I gave one of those sideways looks I reserve for people who I think are obviously trying to mock me. And then, recognizing the source for what it was I deduced the answer. "You mean Risk."

"Ya! That's it!" I tried to stay encouraging after that, knowing full well that unless I devoted some serious coaching, my cousin was going to get lost in the gap. We actually discussed this briefly. I'm not sure there is a mid way step between Risk and actual strategy games. And certainly not much of a bridge between this and table top war games. I gave him the usual warnings about cost and time, something a game like WH demands a great deal of. I briefly considered sending him a set of alternate rules for the pieces of Risk. I think I may buy him a copy of Settlers of Cattan.

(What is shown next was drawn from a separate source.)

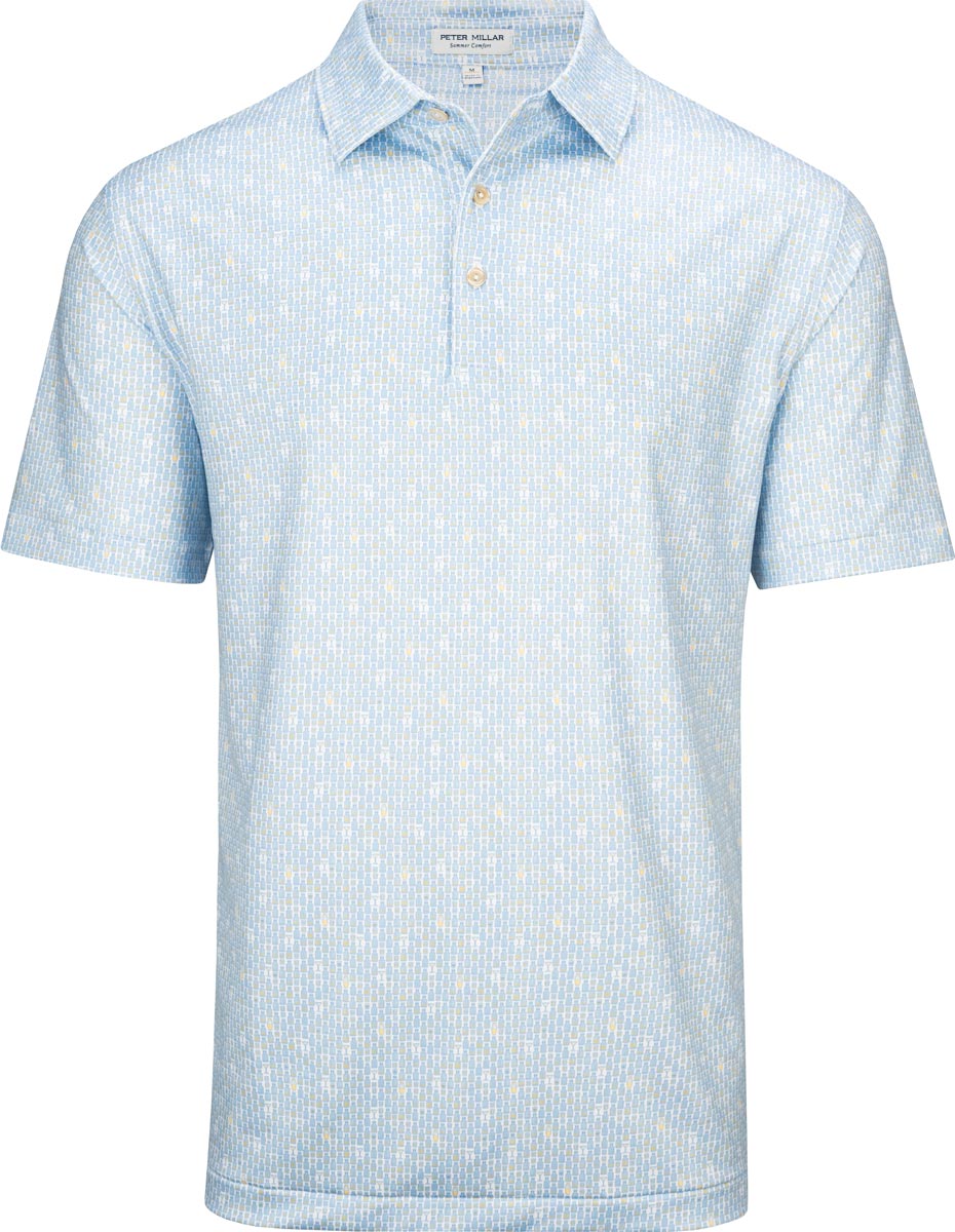 Peter Millar Raise The Bar Performance Jersey Golf Shirts are constructed with 92% Polyester, 8% Spandex, three-button placket, self collar, and a subtle bar tool print.

What you could do, to take Risk to the next level, and yet probably not change it so much that anyone who played before didn't understand, is make a supply change and a combat change. The supply rules for Risk are messed up. Ignore the cards, or at least use them limitedly. Like they always represent 21 points when cashed in. The new sets have three kinds of pieces (at least, the last set I bought did) intended to represent 1, 5 and 10 armies. Forget that, it's dumb (simplistic is what I mean, but I want to be inflammatory). If you're going to play like that you may as well invest in a set of stock six sided dice and roll them for an hour or two. Whoever rolls the most 6s wins.

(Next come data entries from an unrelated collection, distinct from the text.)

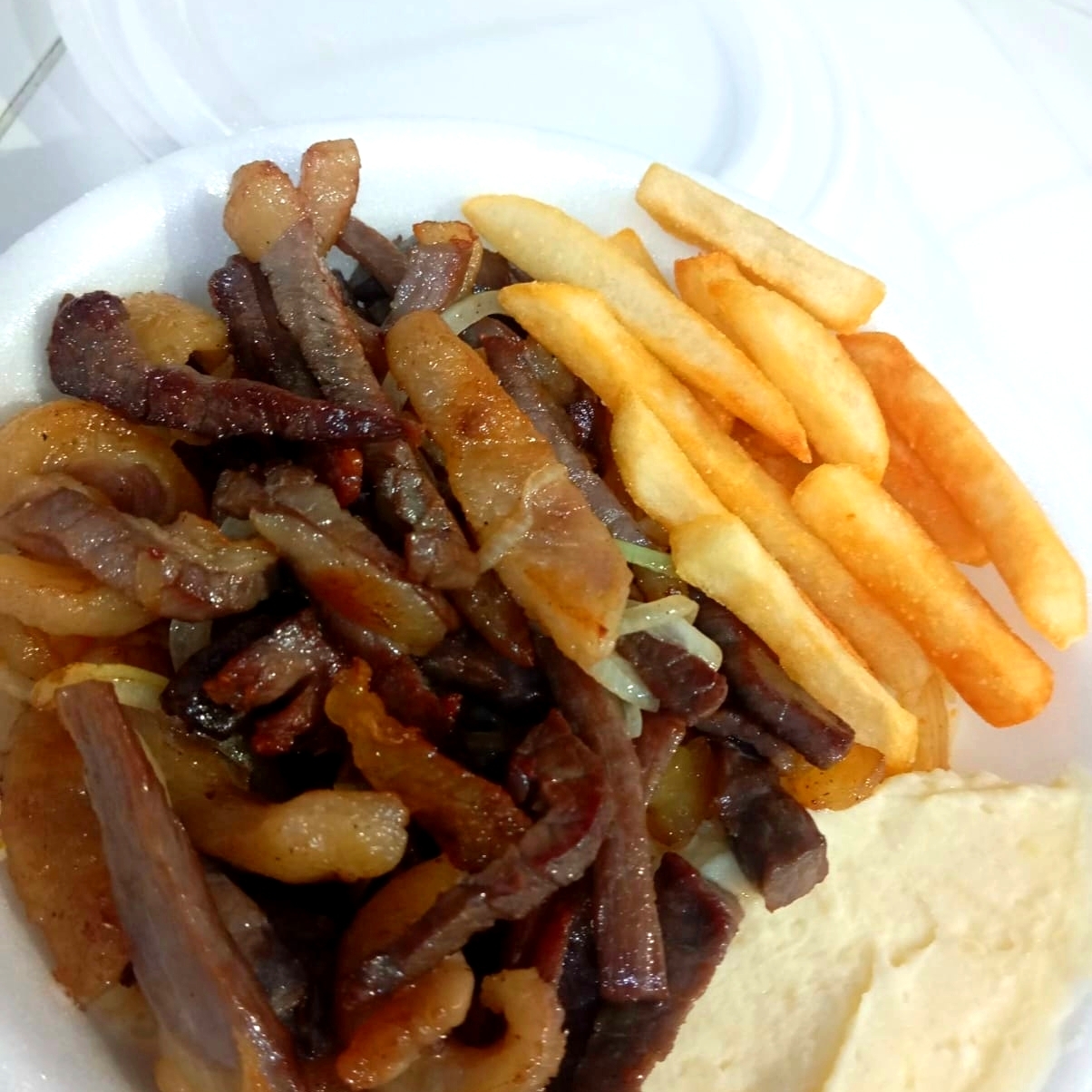 CARNE NA CHAPA EM TIRAS, ACOMPANHADO DE ARROZ PURÊ DE BATATA , FAROFA E FRITAS
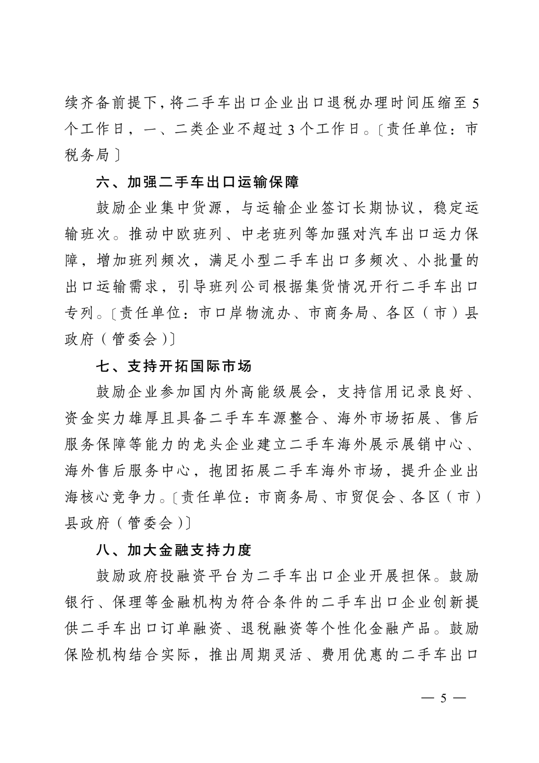 将二手车出口企业出口退税办理时间压缩至5个工作日
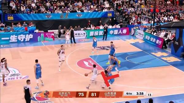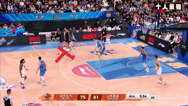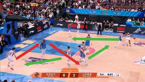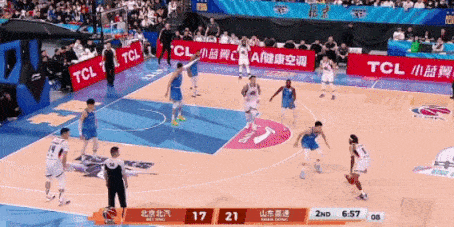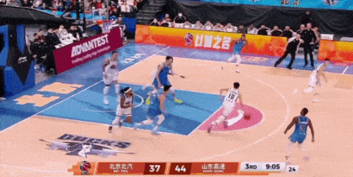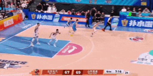 于是又借助陶汉林掩护突破,迫使北京换防,由周琦防守他,于是从罚球线再跑出来,准备军训周琦
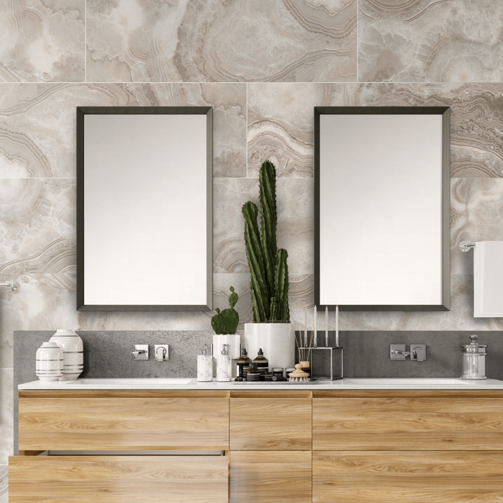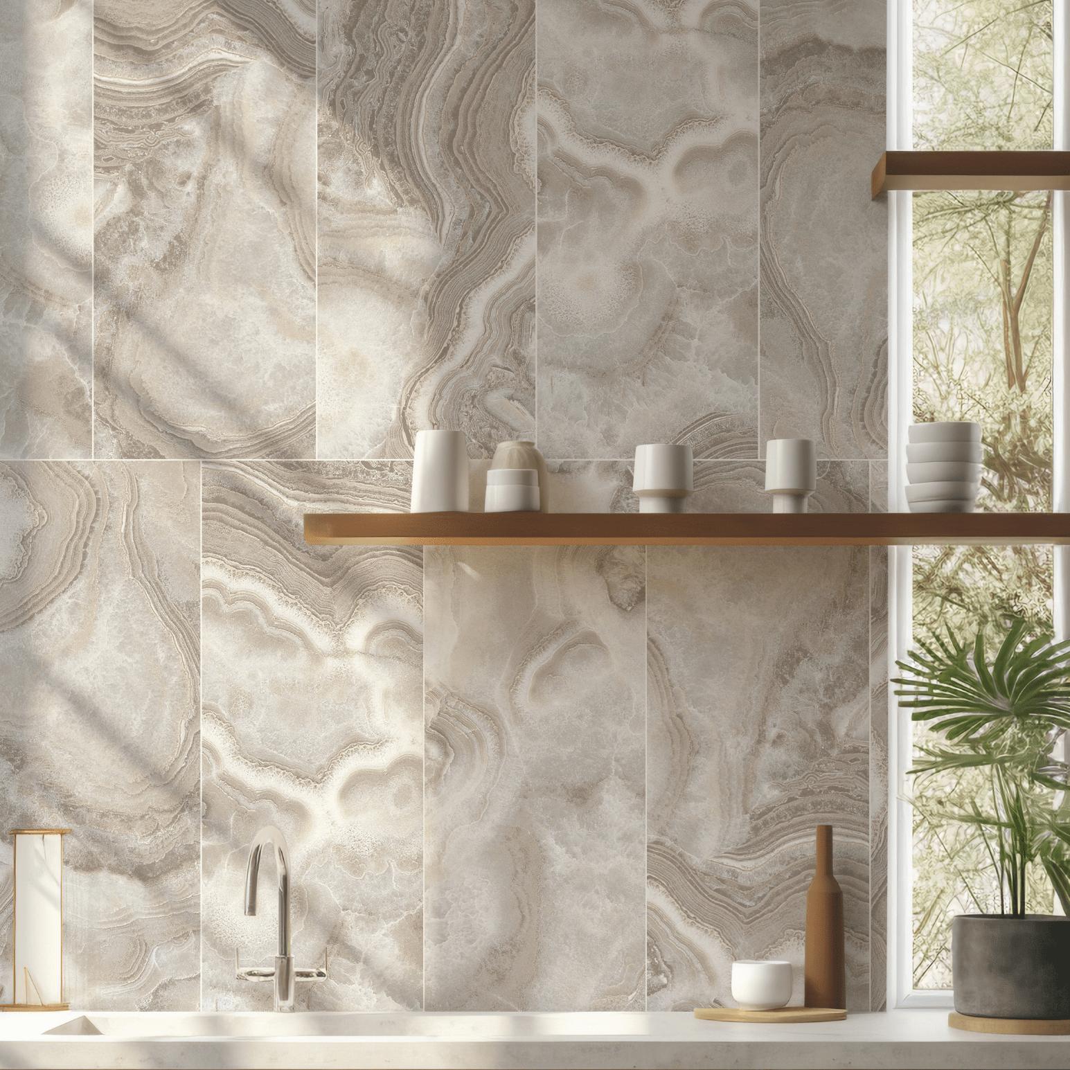 Infuse a room with a touch of flair using this replicated? cream onyx tile with a touch of real gold. Its plank shape adds a striking and unique element.?

The infantry units are 1 unit of infantry and they work just like you're used to. Each one you commit to battle is a d6 for you to roll and they cost 1 point for you to buy. They're the least expensive and have the best all around chance in combat.

The cavalry units are 1 unit of cavalry. They cost 2 points each, but they roll a d8 when attacking someone else's country. When some one attacks your cavalry they roll a d6, like infantry. If it's your turn your cavalry roll d8, if its not your turn they roll d6 is probably the easiest way to see it.

The cannon units are 1 battery of artillery. They cost 2 points each, and only roll a d4 when they are attacking. However, artillery is a support piece. If the artillery piece is not alone then each of your die receives a +1. Artillery by itself, not so effective. Artillery used as part of combined arms...

Leave everything else the same. Instead of the numbers for sets and normal supply and continent bonus being ARMIES, they are points you spend on Infantry or Cavalry or Artillery.
I really need to try that out.

World in Conflict - When I can get out from under the thumb of the gorilla, this game rocks. I also gave the single player demo of Crysis a shot, in spite of being disappointed with the multi player beta, and have to say I did it a disservice. I will be picking it up. I also have a taste for Hellgate London, but that's lower on my list. I have the demo of Call of Duty 4 for the PC, but need to evade the gorilla to get it installed. I did get Guitar Hero III for the 360, but as my 360 is being monopolized for watching House, MD just now, I'm not getting to use it much.

1 comment:

David said...

By Warhammer do you mean Warhammer or 40K? If they want to transition from Risk to Warhammer, they could always try Battle Masters first.
Otherwise what about the Axis and Allies miniature game?